This Townscaper-like building game on ‘the dark side of cozy’ is the perfect lock screen photo designer

Dystopika's new demo in the Steam Next Fest is photo mode gold.

Dystopika's new demo in the Steam Next Fest is photo mode gold.

It’s not often that I get to call a cyberpunk cityscape “cozy” but chill building game Dystopika describes itself as “the dark side of cozy,” if you find neon-streaked skylines to be soothing. I’ve taken this city building toy for a spin in its new demo, which you can try for yourself on Steam this week as part of the current Steam Next Fest and it is great at churning out new candidates for my desktop wallpaper.

The nearest touchstone for Dystopika is Townscaper, the lovely little building game that’s spawned a sort of micro-genre of other low-stress building games launching in the next year. Instead of water, the canvas is an ocean of tiny lights in a nighttime skyline on which you can build massive skyscrapers stretching into the atmosphere. Like the others inspired by Townscaper, Dystopika says it has “no goals, no stress, no objectives. Just your imagination.”

Dystopika is a bit less tactile than Townscaper, where I would click to plop individual blocks in or out of existence. Instead I place each to-be-skyscraper on the ground and then use an arrow to drag it upwards to my desired height. I can then rotate or move it around the area freely and use my mouse to brush on lights across the building faces, generating a mix of giant lit advertisements, signs, and logos. 

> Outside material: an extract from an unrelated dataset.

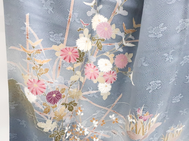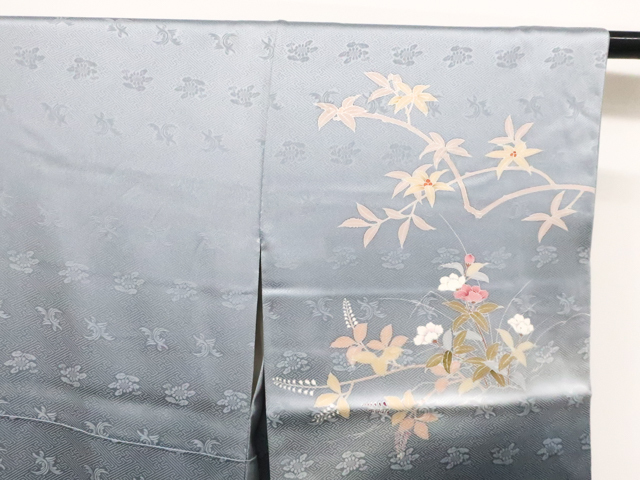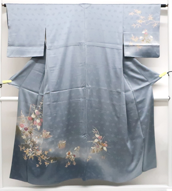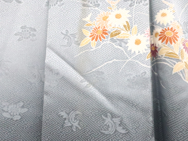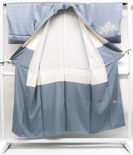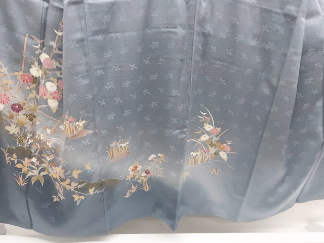 リサイクル商品のため、所々しみ汚れがございます。 袖口汚れがございますが着用可能なお品です。 地色は灰青です。 1枚目の画像が近いお色かと思われます。 素材は正絹です。 |

So far though, it doesn’t have quite the same level of reactivity that I remember from Townscaper, or that we’ve seen in trailers for Tiny Glade. My skyscrapers don’t seem to sprout skyways or morph into new shapes based on what I build around them, and more seem to react to their own height, generating a little skirt of accessory buildings near their bases. Meanwhile antennae and helipads and flying cars all pop in around taller buildings. The cable bridges and other details I’ve spotted in my builds have all generated pretty close to the ground so that they quickly get lost in the fog or cluster of buildings rather than being a big visual feature.

(Image credit: Voids Within)

Where Dystopika goes in very hard is its photo mode. This is a toy for generating an entire suite of cool desktop backgrounds. There are so many sliders and filters that I could get a dozen cool screenshots from a single build. There are controls for the roll, pitch, and FOV of the camera, intensity settings for the fog and sunlight, color of the light, time of day, and fog height. And if you don’t want that level of granular control there’s a list of filters for easy visual pizzaz instead.

It’s got some pretty slick sound design to sell the experience too. Moody ambient synths fade in and out as I build while digital blips and ticks punctuate my building and scrolling around each environment as I design.

The current demo for Dystopika gives you 15 minutes to build, at which point you can tool around in photo mode as long as you like or just start a fresh city. You can download it to start your own folder of cyberpunk-y screenshots in the Steam Next Fest demo until February 12. Dystopika hasn’t set a release date yet but plans to launch sometime in 2024.